I apologize if this post doesn’t make much sense. I’m in a bit of a haze, but I need to try and write something because a. something’s telling me I should and b. I like to have things up on the blog when they happen so they’re there to look back on. This is a bit of a downer, but I’m sure I’ll be back with something funny, if I can make my words convey the meaning I want.
I got some news last night that just can’t help but shake me. Don’t get me wrong, I’m glad I got the news because I want to know when these things happen. But it’s the reason for this haze. A friend phoned me and told me that a friend of hers killed himself last week, and she just found out now. I didn’t know this guy well, but I met him. He had a big heart and he was a very funny guy. He cared about her and seemed to want to protect her. He seemed to love life. Then somewhere, something went horribly wrong. I refuse to speculate about what it may have been. He’s the only one who knows. I refuse to make assumptions because that can only bring bullshit. All I’ll say is he’s gone now, and what a tragedy. What an empty void he has left. So many questions, no answers, no way to turn things around and pull him from the pit of whatever he was in at the end. No way to replace what is gone forever.
I know that if someone decides to truly end it, there’s nothing in the world any of us could have done to prevent it, it is only his own will to live that stands between life and death, and if that was broken, there is no intervention, no magic words, no pills, nothing that could have really saved him. He has to decide that he wants to live, above all. I’m not saying that we shouldn’t try and reach out and help people who give us a sign that they’re thinking about ending it. That attempt to save them might rebuild their will to live a little. I’m just saying if they do end up taking their own life, we shouldn’t blame ourselves, it’s not our fault.
But somehow, even knowing that doesn’t make the questions stop coming. The head and the heart are two different animals. Shock sets in. I just can’t believe that he would do this. It doesn’t seem to make any sense. I never knew he was having any problems. Then a part of me mentally slaps me silly and says “Why would you know? He was barely an acquaintance. He made goofy jokes while we were walking to a birthday party. He walked with you and your friend to the beer store. You shot back and forth the occasional message on MSN Messenger. That is the sum total of your contact with him. Get over yourself.” But it doesn’t make it any easier and it doesn’t make the grief any less powerful. It was so unexpected. So completely out of the blue. So like getting crushed by a freight train.

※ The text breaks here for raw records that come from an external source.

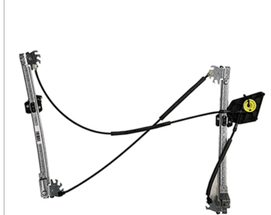
A POWER WINDOW LEFT ALZACRISTALLI ELETTRICO SX

THIS INSTALLATION INSTRUCTION IS FOR BOTH LEFT AND RIGHT SIDE. CETTE INSTRUCTION DE MONTAGE EST POUR LES DEUX COTES DROIT ET GAUCHE. DIESE MONTAGE-ANLEITUNG IST FÜR DIE BEIDE LINKE UND RECHTE SEITE. ESTA INSTRUCCION DE MONTAJE ES PARA LOS DOS LADOS IZQUIERDO Y DERECHO. ESTAS INSTRUÇÕES VALEM TANTO PARA O LADO ESQUERDO QUANTO PARA O DIREITO. LA PRESENTE ISTRUZIONE VALE SIA PER IL LATO SINISTRO CHE PER IL LATO DESTRO.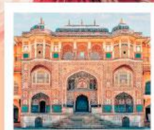
♥♦♦ Amber Fort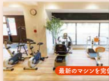
最新のマシンを完備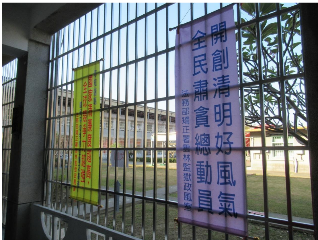
圖三、雲林監獄於會場周邊懸掛廉政宣導布條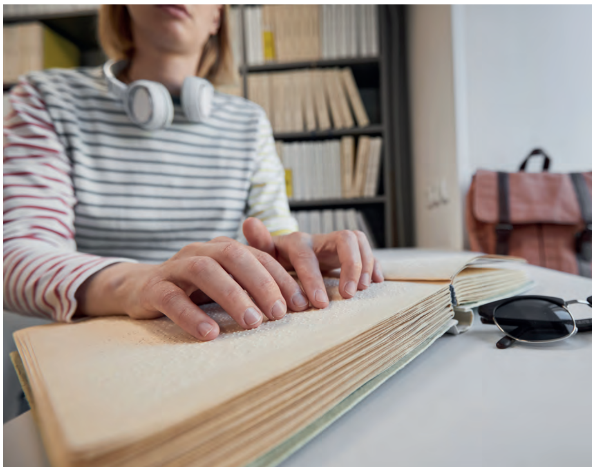
Person leser punktskrift. Foto.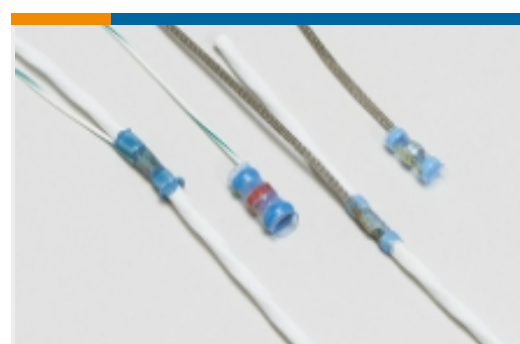
焊接套管屏蔽终结器(11)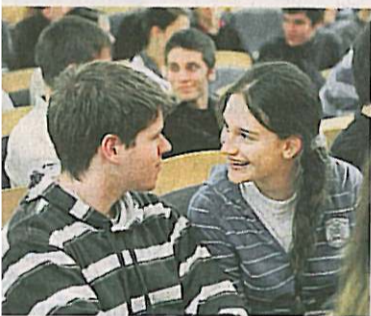
Nur fünf Prozent der HPI-Studenten sind Frauen. Diese übt den „Dreiecksblick“

mer ergattert, sei der erste Schritt getan. Doch die nächste Herausforderung wartet schon: die SMS. Nicht zu fordernd, die Anrede soll persönlich sein, so auch der Gruß. LG sei verboten, laut Senftleben stehe es für LanGweiler.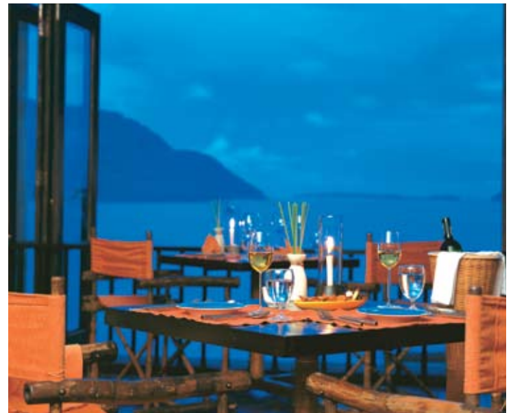
Into The View

أصبح جناح صانديك منتجعات ضمن المنتجع. فهو يشتمل على 16 جناحاً ذا طابقين و10 أجنحة جونيور، وجميعها تتميز بإطلالة ذات مناظر خلابة، إضافة لتوفير خدمة الخادم الشخصي. وهي تعتبر مثالية للعائلات والأصدقاء والأزواج على حد سواء. وللجناح قسم استقبال خاص به، ومركز أعمال ومكتبة مزودة بأجهزة الحاسوب. ويمكن لمن يحملون أجهزة الحاسوب الخاصة بهم استخدام وصلات الإنترنت اللاسلكية دون مقابل. وهناك في الجناح مركز لياقة وغرفة بخار وساونا ومقهى وبار في بركة السباحة، ونادي للأطفال فقط، الخاص بالفتيان. كما يتوفر لهم أيضاً "إنتو جيمز" المجهز بطاولة سنوكر وكرة الطاولة وطاولات كرة القدم، إضافة إلى ألعاب بلاي ستيشن وغيرها.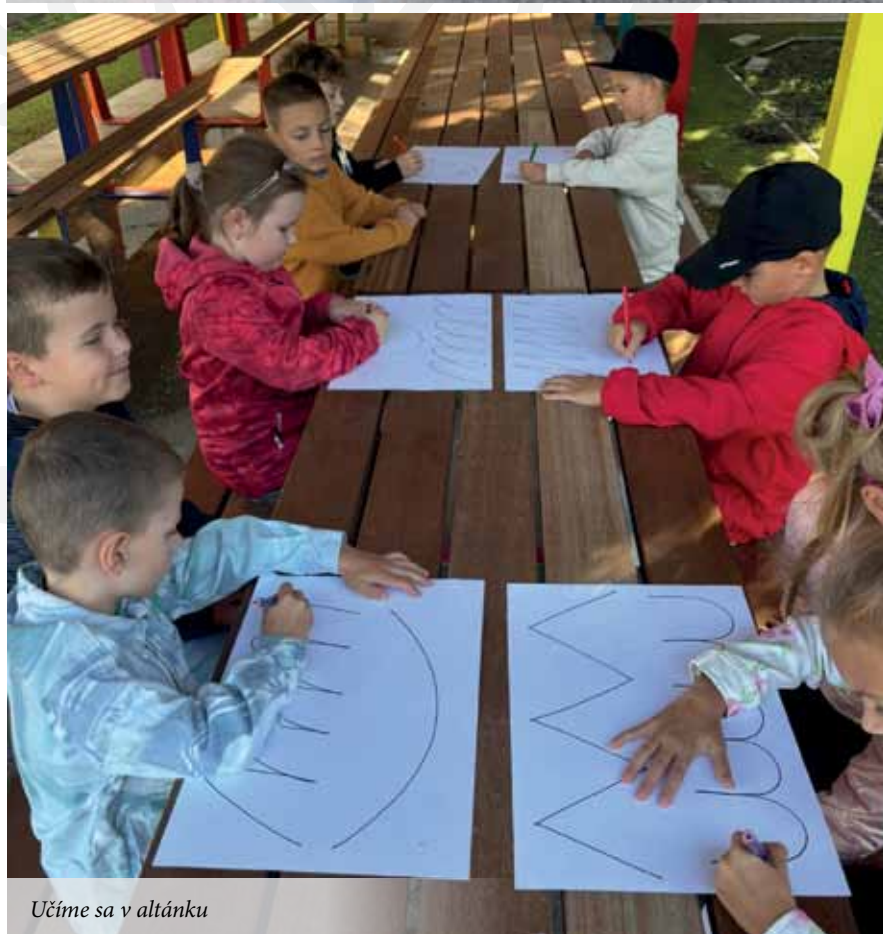
Učíme sa v altánku

Perhaps what makes this worse is that it happened right around the time when, four years ago, someone much closer to me than a passing acquaintance took his own life in the same way as this guy. I didn’t know him super well, but he was a lot closer. I went to school with him. Steve and I shared an apartment with his brother. And just like this one, it was, for me, unexpected.
I hope everybody whose lives were touched by this will take the time they need to heal, and realize that it’s ok to cry and it’s ok if you’re not crying. It’s ok to feel empty. It’s ok to feel…whatever you feel, be it rage, sadness, numbness, guilt, or all of the above in a thought soup. Just feel what you feel, and if you can, let the guilt pass, at least in your head. It wasn’t your fault. You did what you could, this was his choice. Don’t try to bury this. Deal with it in the way that feels right for you, and when you’re ready, move on. Talk to each other. You are not alone. And try to remember the good things about him. Hopefully he is at peace now, and you can find some of your own eventually.